=== Data below ===

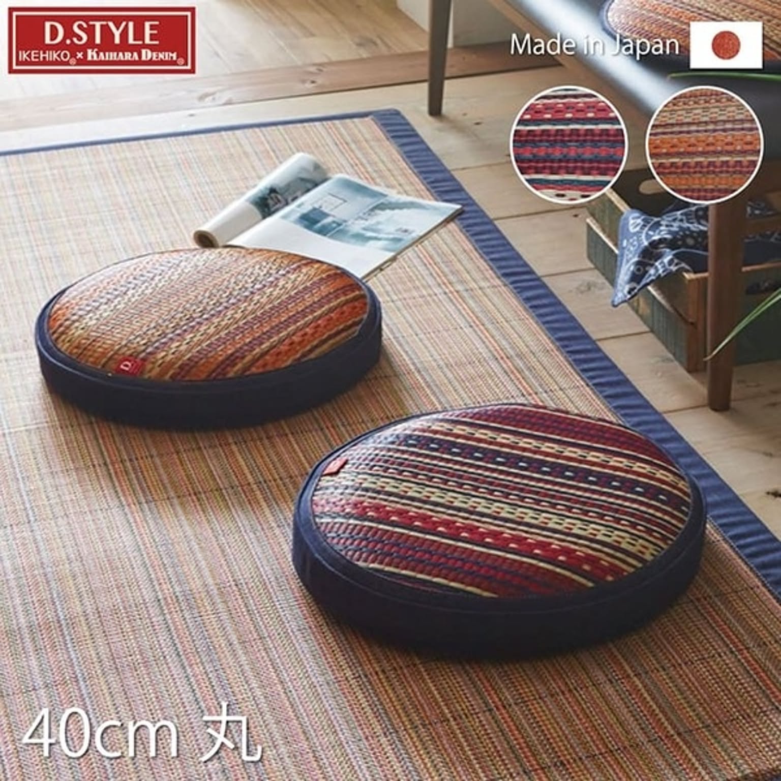 い草 クッション レッド 円形 約40cm×8cm 軽量 抗菌防臭 調湿 吸湿 消臭 国産 デニム 胡坐スツール リビング【代引不可】
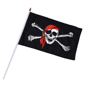 - Флаг Пирата черный (череп с красной банданой), размер 16 х 23 см
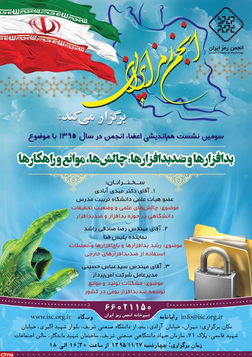سومین نشست هم اندیشی انجمن رمز ایران در سال ۹۵ با موضوع «بدافزارها و ضدبدافزارها، چالش ها، موانع و راهکارها» روز ۲۷ بهمن ماه جاری، ساعت ۱۶:۳۰ تا ۱۸ با حضور اعضای حقیقی و حقوقی انجمن، اساتید و محققین دانشگاه و فعالان صنعت افتا برگزار می شود.

===

▶ What you need to do
Once the pictures are removed, print all the remaining data exactly as it stands.

▶ Finished exercise
 い草 クッション レッド 円形 約40cm×8cm 軽量 抗菌防臭 調湿 吸湿 消臭 国産 デニム 胡坐スツール リビング【代引不可】
 - Флаг Пирата черный (череп с красной банданой), размер 16 х 23 см
سومین نشست هم اندیشی انجمن رمز ایران در سال ۹۵ با موضوع «بدافزارها و ضدبدافزارها، چالش ها، موانع و راهکارها» روز ۲۷ بهمن ماه جاری، ساعت ۱۶:۳۰ تا ۱۸ با حضور اعضای حقیقی و حقوقی انجمن، اساتید و محققین دانشگاه و فعالان صنعت افتا برگزار می شود.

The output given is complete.